[Source data Boundary: Start]
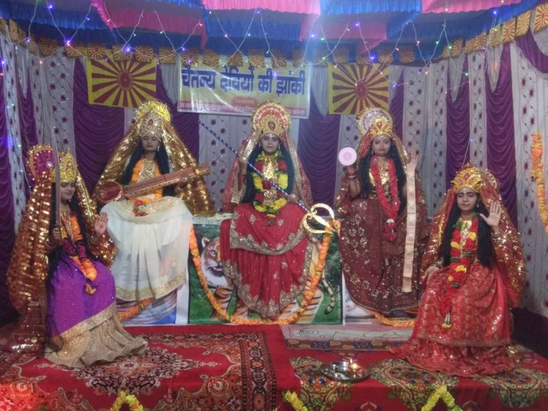 पन्ना। प्रजापिता ब्रह्माकुमारी ईश्वरीय विवि के स्थानीय आश्रम की ओर से पवई में चैतन्य देवियों की झांकी लगाई गई। जिसमें सीता बहन ने देवियों का आध्यात्मिक रहस्य बताया। उन्होंने बताया, नवरात्रि क्या है? नौ देवियों का अवतरण काल नवरात्रि कहलाता है, माता-बहिनों को भी अपने साथ आसुरी शक्तियों के विनाश और दैवी शक्तियों के विकास के लिये सहभागी बनाते हैं।
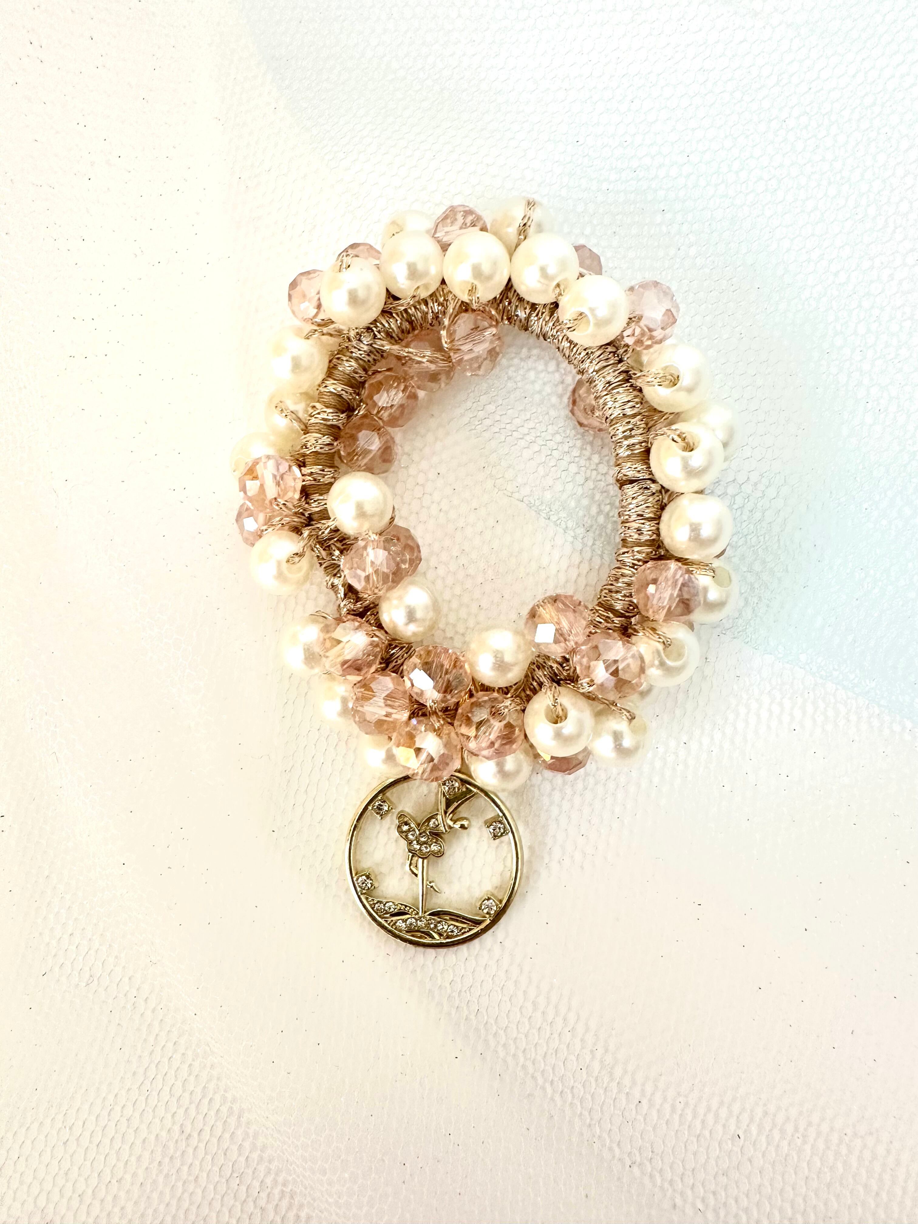 商品名:パールピンクガラスビーズヘアゴム月の女神シリーズB
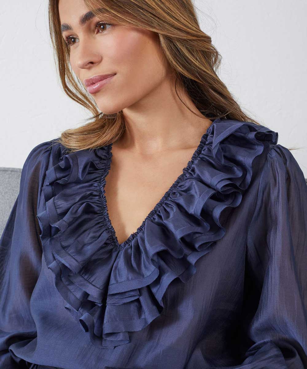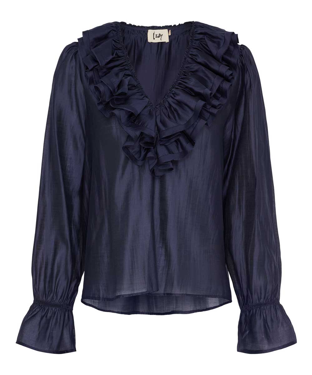 Klara Flounce från Isay är den perfekta blusen för som älskar feminina detaljer och en känsla av lyx i vardagen. Blusen har en djup v-ringning som kantas av dubbla volanger, långa ärmar med vidd och resår vid ärmsluten samt en lös passform.
[Source data Boundary: End]
» What to produce: Write out the whole listing exactly, and drop the pictures.

» Answer to the exercise:
 पन्ना। प्रजापिता ब्रह्माकुमारी ईश्वरीय विवि के स्थानीय आश्रम की ओर से पवई में चैतन्य देवियों की झांकी लगाई गई। जिसमें सीता बहन ने देवियों का आध्यात्मिक रहस्य बताया। उन्होंने बताया, नवरात्रि क्या है? नौ देवियों का अवतरण काल नवरात्रि कहलाता है, माता-बहिनों को भी अपने साथ आसुरी शक्तियों के विनाश और दैवी शक्तियों के विकास के लिये सहभागी बनाते हैं।
 商品名:パールピンクガラスビーズヘアゴム月の女神シリーズB
 Klara Flounce från Isay är den perfekta blusen för som älskar feminina detaljer och en känsla av lyx i vardagen. Blusen har en djup v-ringning som kantas av dubbla volanger, långa ärmar med vidd och resår vid ärmsluten samt en lös passform.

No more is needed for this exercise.